Let us try exactly that. Modify your code to work _without_ the `break` statement. You need a more complicated condition for your while loop. so that it repeats while player's guess is incorrect and the number of attempts is still less than the maximally allowed. Test that your code works both when you win and when you lose. 

::: {.program}
Put your code into `code05.py`.
:::

## Show remaining attempts
It is all about the user interface! Modify the `input` prompt message to include a number of _remaining_ attempts. E.g. `"Please enter the guess, you have X attempts remaining"`.

::: {.program}
Put your code into `code06.py`.
:::

## Repeating the game {#guess-the-number-repeat-game}
Let us give an option for the player to play again. This means putting _all_ the current code inside of another `while` loop (this is called _nested loops_) that is repeated for as long as the player wants to keep playing. The code should look as follows:
```{python eval=FALSE}
# import random library so you can use randint function

# define MAX_ATTEMPTS

# define a variable called "want_to_play" and set to True
# while the player still wants to play
  
  # your current working game code goes here
  
  # ask user whether via input function. E.g. "Want to play again? Y/N"
  # want_to_play should be True if user input is equal to "Y" or "y"
  
# very final message, e.g. "Thank you for playing the game!"
```

**Pay extra attention to indentations to group the code properly!**

::: {.program}
Put your code into `code07.py`.
:::

## You do not need a comparison, if you already have the value
In your updated code, you have `want_to_play` variable that is either `True` or `False`. It is used in the loop that repeats while its value is `True`. Sometimes, people write `want_to_play == True` to express that. While it is technically correct and will certainly work correctly, it is also redundant. Since `want_to_play` can only be `True` or `False` this comparison turns into `True == True` (which is of course `True`) or `False == True` (which is `False`). So comparing either value to `True` produces exactly the same value. Thus, you can just write `while want_to_play:` and use the logical value directly. 

## Best score
A "proper" game typically keeps the track of players' performance. Let us record a fewest number of attempts that the player needed to guess the number. For this, create a new variable `fewest_attempts` and set it to `MAX_ATTEMPTS` (this is as bad as the player can be). Think, where do you need to create it. You should update it after each game round. Add the information about "Best so far" into the round-over message.

::: {.program}
Put your code into `code08.py`.
:::

## Counting game rounds
Let us count how many times the player played the game.

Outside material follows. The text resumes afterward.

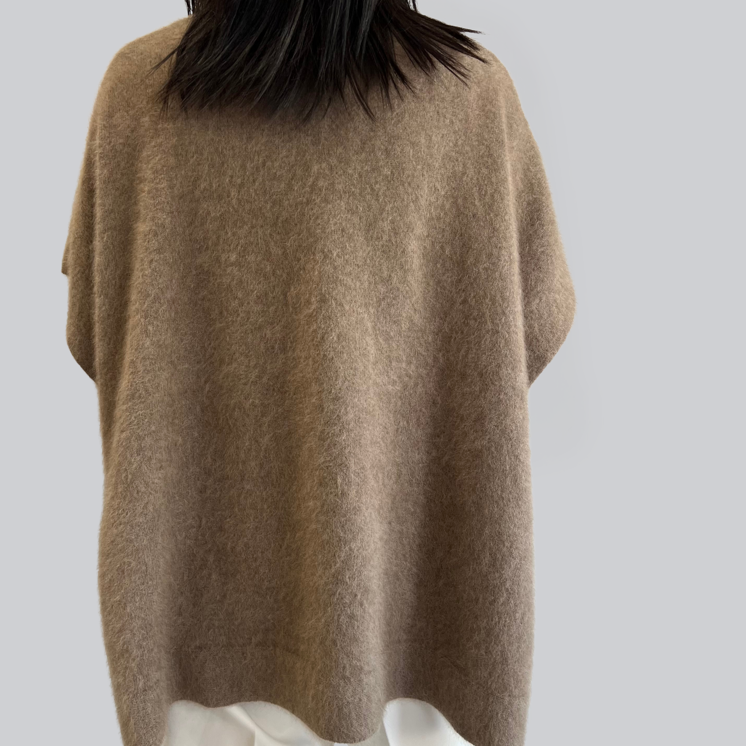 Poncho CTPLAGE camel : chaleur, fluidité et style décontracté.

The idea and implementation is the same as with counting the attempts. Create a new variable, initialize it to 0, increment by 1 whenever a new round starts. Include the total number of games played into the very final message, e.g. "Thank you for playing the game _X_ times!"

::: {.program}
Put your code into `code09.py`.
:::

## Multi round one-armed bandit
At the end of the previous chapter, you have programmed a single round one-armed bandit game. You already know everything you need to implement a multiple round version and its structure is similar (but simpler) than of the multi-round guess-the-number game that you just implemented. 

Let player start with an initial pot of money, say 10 coins. Playing each round costs 1 coin, getting three of a kind pays off 10 coins, while getting a pair pays off 2 coins (you can change payoffs as you see fit). On each round:

 * Take one coin from the pot (price for playing the game).
 * Roll the dice (you already implemented that).
 * Tell the player about the outcome (you implemented that as well).
 * Add coins to the pot, if necessary.
 * Print out the amount of coins left in pot.
 * Ask the player where they want to continue. 
 
Special case, once the player runs out of coins, the game is definitely over.

::: {.program}
Put your code into `code10.py`.
:::

## Wrap up
Most excellent, you now have two proper working computer games with game rounds, limited attempts, best score, and what not! Zip the folder and submit.